Since in this case we’re dealing with a synchronous xcall, the remote CPU then needs to just chill out until the CPU that initiated the xcall discovers that all remote CPUs have executed the function and are ready to be released:
xc_serv()
146 /*
147 * for (op == XC_SYNC_OP)
148 * Wait for the initiator of the x-call to indicate
149 * that all CPUs involved can proceed.
150 */
151 while (cpup->cpu_m.xc_wait[pri]) {
152 ht_pause();
153 return_instr();
154 }
155
156 while (cpup->cpu_m.xc_state[pri] != XC_DONE) {
157 ht_pause();
158 return_instr();
159 }
And here’s the code on the initiating side that releases all the remote CPUs by setting the wait and state flags to the values that the remote CPUs are waiting to see:
xc_common()
502 /*
503 * Release any waiting CPUs
504 */
505 for (cix = 0; cix < NCPU; cix++) {
506 if (lcx != cix && CPU_IN_SET(set, cix)) {
507 cpup = cpu[cix];
508 if (cpup != NULL && (cpup->cpu_flags & CPU_READY)) {
509 cpup->cpu_m.xc_wait[pri] = 0;
510 cpup->cpu_m.xc_state[pri] = XC_DONE;
511 }
512 }
513 }
there’s a problem
Wait! Without reading ahead in the code, does anyone see the problem?

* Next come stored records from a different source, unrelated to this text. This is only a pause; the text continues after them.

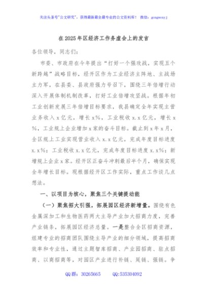/ 在2025年区经济工作务虚会上的发言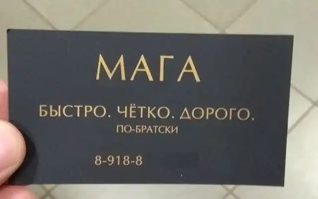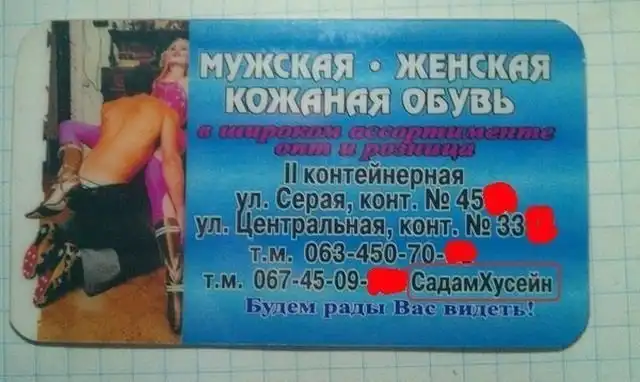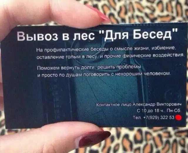 Можно коллекционировать визитки различных предприятий и сервисов обслуживания. На них и красивый слоган, и многообещающие предложения, и дизайн красочный с цветочками всякими. А порой встречается и подобное чудо-искусство. Без юмора в этой жизни – ну никак.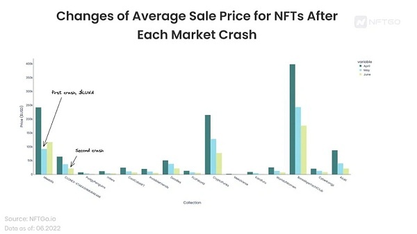 市场情绪变冷极大影响了 NFT 的平均价格。之前在最狂热的阶段,一些蓝筹 NFT 的估值达到最高点。而此后这些估值持续暴跌,陷入了冷却周期。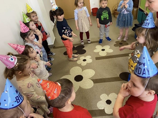 A nevelési év elején a gyermekek még csak ismerkedtek az óvodai élettel, az új környezettel, a társakkal és az óvónénikkel. A csoport létszáma 30 fő így az új helyzet nagyfokú alkalmazkodást igényelt a gyermekektől. A beszoktatás időszaka során különösen fontos volt, hogy biztonságos, szeretetteljes légkört alakítsunk ki számukra, amelyben megélhetik az elfogadást, a figyelmet és az érzelmi támogatást. A boldogságórák ebben is sokat segítettek. A kicsik nyitottan és érdeklődve fordultak a foglalkozások felé. A bábok világa különösen nagy hatással volt rájuk, segítségükkel könnyebben felkeltettük a figyelmüket, és biztonságos csatornát teremtettünk az érzelmek feldolgozásához. A bábozás mindig örömet és élményt nyújtott számukra, erősítette bennük a fantáziát és az empátiát. A mesék közös meghallgatása után játékos, beszélgető kör kialakításával dolgoztuk fel az irodalmi élményt. A gyermekek, életkoruknak megfelelően, egyre bátrabban osztották meg saját tapasztalataikat, érzéseiket. A foglalkozások során gyakran megjelent a hála, a szeretet, a gondoskodás és a pozitív gondolkodás témaköre, amelyeket a mindennapi helyzetekhez kapcsolva is megerősítettünk. A tartalmi elemeket projektjeinkbe tudatosan terveztük be és valósítottunk meg. Ilyenek voltak: Fújj-fújj, Domborítok, mint a cica, Totyog a liba, Medve vagyok cammogok. Megtanultuk a boldogságmondókát, melyet az év végére ügyesen mondogattak a gyermekek. A hála, a társas kapcsolatok, a jó cselekedetek, az apró örömök, a testmozgás témaköreit életkornak megfelelően feldolgoztuk, az aktualitásainkhoz illesztettük. Boldog vagyok dalt többször meghallgattuk és a gyermekek az év végéhez közeledve önmaguk is kérték azt. Egyszerű példákon keresztül beszélgettünk arról, miért lehetünk hálásak – akár egy mosolyért, egy ölelésért vagy a közösen eltöltött időért. A gyermekekben kialakult az egymásra figyelés képessége, segítségre szoruló társaikra figyeltek, segítettek nekik, vagy segítséget kértek a felnőttektől. Ha valamelyik kisgyermek, aki bátorításra, vigasztalásra szorult támogatták társai. A foglakozások témáit a mindennapok során is alkalmaztuk és az aktuális állapotnak megfelelően egy pozitív jó cselekedetet kiemeltünk ezzel is erősítettük a gyermekek önbizalmát, és a példaértékű, helyes viselkedést ösztönöztük. Közös élményekkel az összetartozást a társas kapcsolatokat erősítettük, mélyítettük. A szülői felajánlással fát ültettünk közösen ezzel is a környezetünket szépítettük. A közösen megélt pillanataink a közösséget erősítették, ilyenek voltak a születés-, és névnapok, Karácsony, Farsang, Húsvét, Anyáknapja, Évzáró. A változatos, játékos tevékenységek segítségével a gyermekek tapasztalatai folyamatosan bővültek, új szavakkal és fogalmakkal ismerkedhettek meg, szókincsük szépen fejlődött. A nevelési év során kiemelt figyelmet fordítottunk arra, hogy már a legkisebb örömöket is észrevegyék a mindennapokban, és megtanuljanak örülni ezeknek. Segítettünk nekik abban is, hogy a koruknak megfelelő módon, fokozatosan elkezdjenek megküzdeni az őket érő kisebb nehézségekkel, legyen szó egy várakozási helyzetről vagy egy kis vita rendezéséről. A Boldogságóra foglalkozásokat a következő nevelési évben is folytatni fogjuk.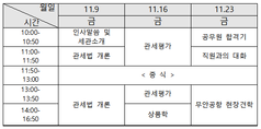 (조세금융신문=박가람 기자) 광주본부세관은 광주지역 청년 일자리 지원의 일환으로 세관 전문성을 활용한 '관세 아카데미'를 오는 11월 9일부터 시행한다고 밝혔다. 아카데미는 관세사 자격증과 관세직 공무원 시험과목을 대상으로 11월 9일, 16일, 23일 총 3회에 걸쳐 조선대학교에서 진행된다. 마지막 날인 23일에는새내기 공무원의 생생한 경험담을 담은 공무원 합격기, 직원과의 대화, 공직생활 체험을 위한 무안공항 견학 프로그램도 준비돼 있다. 광주본부세관 관계자는 "이번 프로그램이 청년 일자리 정보제공에 좋은 계기가 될 것으로 기대한다"며 "지역 대학생들의 많은 참여를 바란다"고 말했다. 한편, 교육신청은 광주본부세관 홈페이지에 게시된 신청서를 작성해 오는 31일까지 이메일로 제출하면 된다.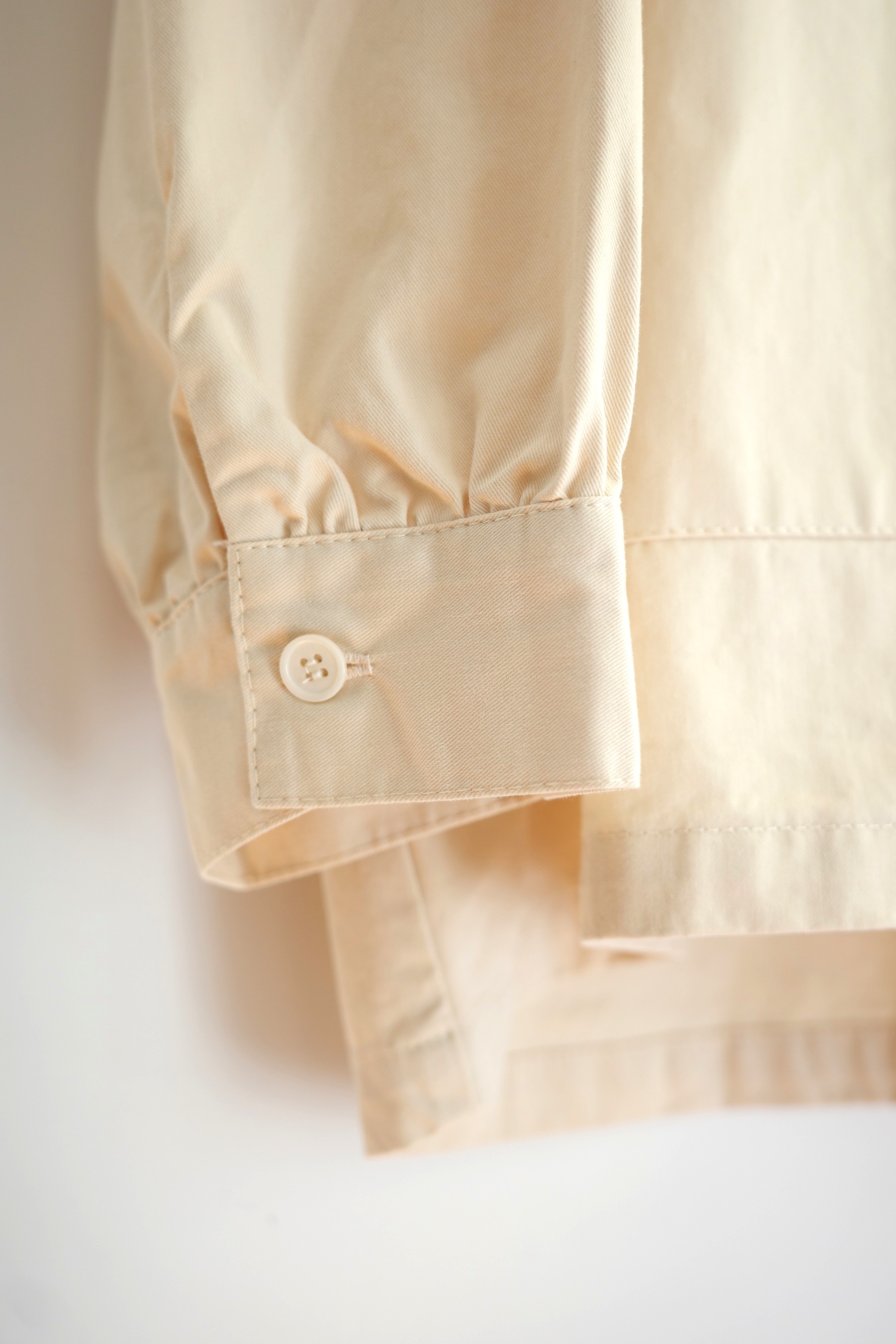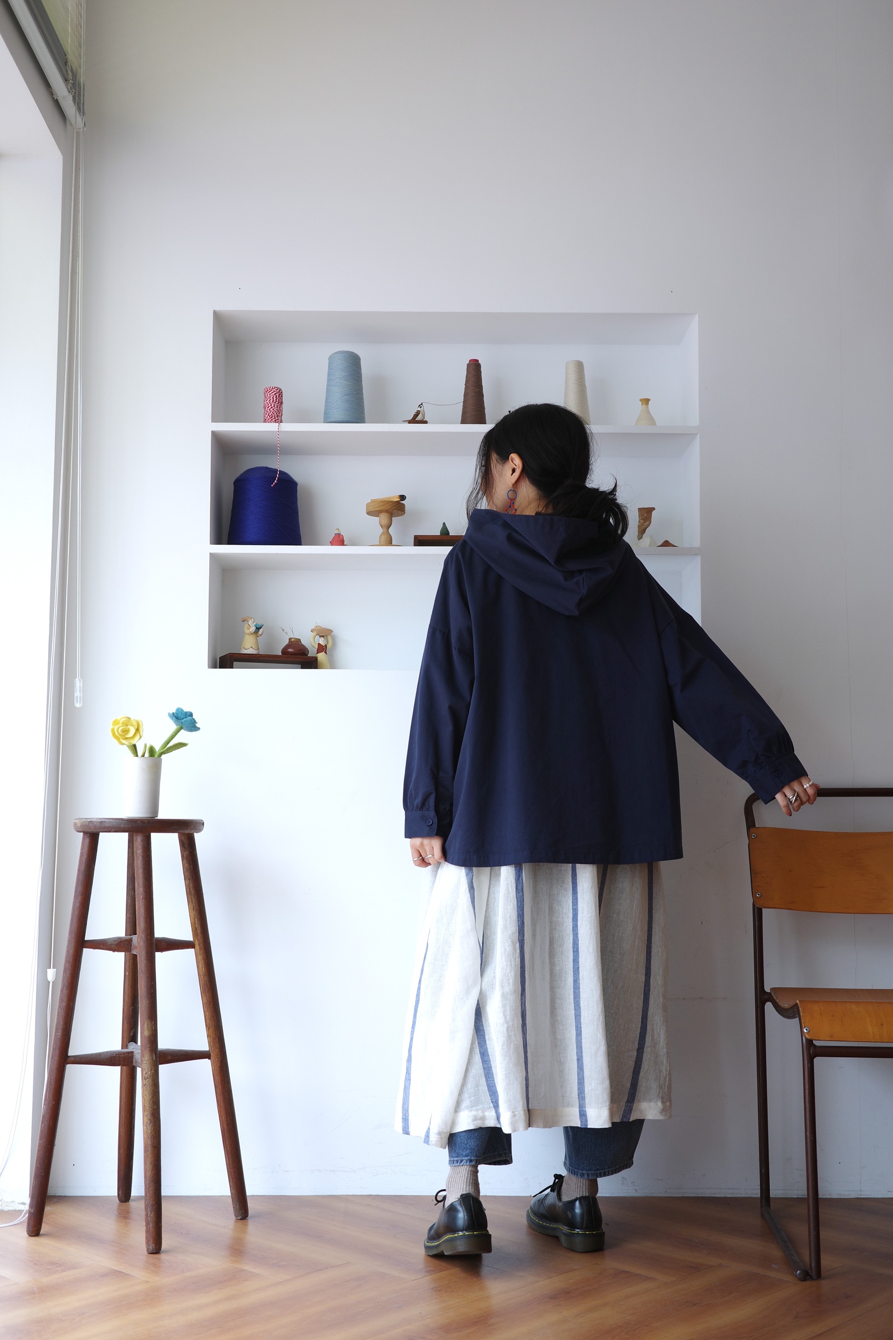 鬆身短寬版型,袖口開釦,布料有挺度。

Back at VMware, Keith hacked up a version of the virtual machine monitor which allowed us to trace certain points in the code and figure out the precise sequence in which they occurred. We traced the entry and return to xc_common() and xc_serv(). Almost every time we’d see something like this:
- enter xc_common() on CPU 0
- enter xc_serv() on CPU 1
- exit xc_serv() on CPU 1
- exit xc_common() on CPU 0
or:
- enter xc_common() on CPU 0
- enter xc_serv() on CPU 1
- exit xc_common() on CPU 0
- exit xc_serv() on CPU 1
But the problem happened when we saw a sequence like this:
- enter xc_common() on CPU 0
- enter xc_serv() on CPU 1
- exit xc_common() on CPU 0
- enter xc_common() on CPU 0
And nothing futher. What was happening was that after releasing remote CPUs, CPU 0 was exiting from the call to xc_common() and calling it again before the remote invocation of xc_serv() on the other CPU had a change to exit.

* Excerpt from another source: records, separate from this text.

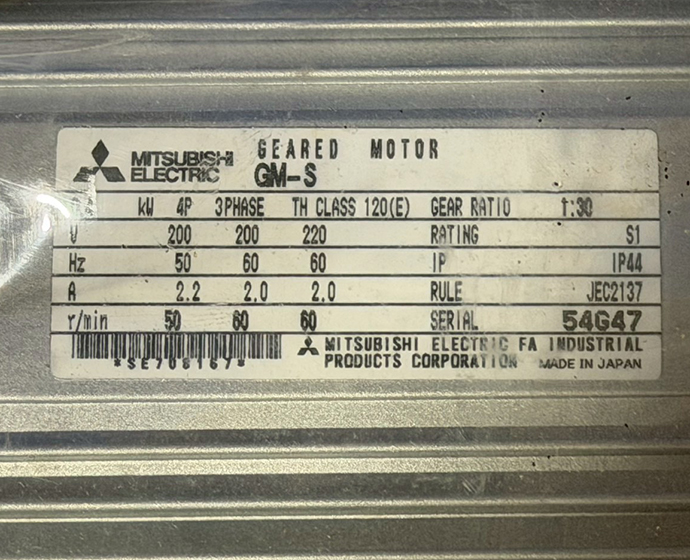 | 機械仕様 | 形名:GM-S 0.4kW 4P 1/30 電源:三相 ■モーター 電圧:200/200/220V 周波数:50/60/60Hz 出力:0.4kW 極数:4P 定格電流:2.2/2.0/2.0A 定格回転速度:1415/1693/1716 r/min 外被構造:全閉外扇形 保護構造:屋内形(IP44相当) 耐熱クラス:120(E) 定格:連続 始動方法:直入れ ■減速機 取付方式:脚取付形 減速比:1/30 潤滑方法:グリース潤滑 ■構造 ブレーキなし 設置場所:屋内(腐食性ガス、オイルミスト、引火性ガス、塵埃などないこと) 周囲温度:-15℃~+40℃(凍結のないこと) 適応規格:JEC、JEM |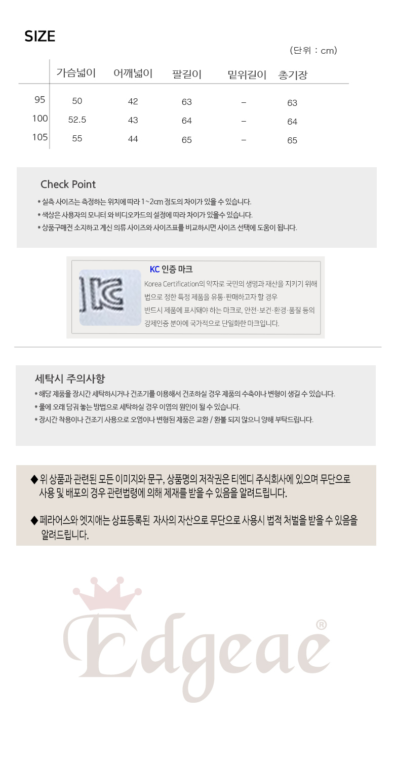 세탁방법 및 취급시 주의사항 | 드라이,단독세탁권장/온수세탁금지,화기금지,표백금지,스판상품건조기금지 |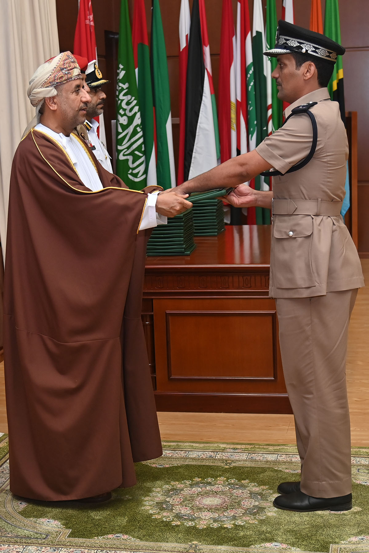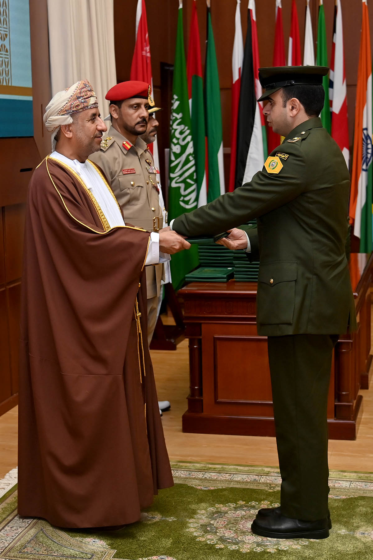 بعد ذلك سلَّم معالي الدكتور أمين عام وزارة الدفاع راعي المناسبة الجوائز للحاصلين على المراكز الأولى في الدورة والشهادات للخريجين، وقد حقق المركز الأول على المستوى العام للدورة الرائد الركن خليل بن سالم الوردي من جهاز الأمن الداخلي، وحصل على المركز الثاني الرائد الركن (مهندس) بدر بن سليمان المكتومي من الجيش السلطاني العُماني، وجاء الرائد الركن حسين بن عبدالله البريكي من سلاح الجو السلطاني العُماني في المركز الثالث، في حين حصل على المركز الأول في البحث العلمي الرائد الركن محمد بن حمد الشعيلي من سلاح الجو السلطاني العُماني.

Recall that one of the the first things that xc_common() does is set the state flag. If the first call to xc_common() sets the state flag to release the remote CPU from xc_sync(), but when things go wrong, xc_common() was overwriting that flag before the remote CPU got a change to see it.
the problem
We were seeing this repeatably under VMware, but no one had seen this at all on real hardware (yet). The machine Keith and I were using was a 2-way box running Linux. On VMware, each virtual CPU is represented by a thread on the native OS so rather than having absolute control of the CPU, the execution was more or less at the whim of the Linux scheduler.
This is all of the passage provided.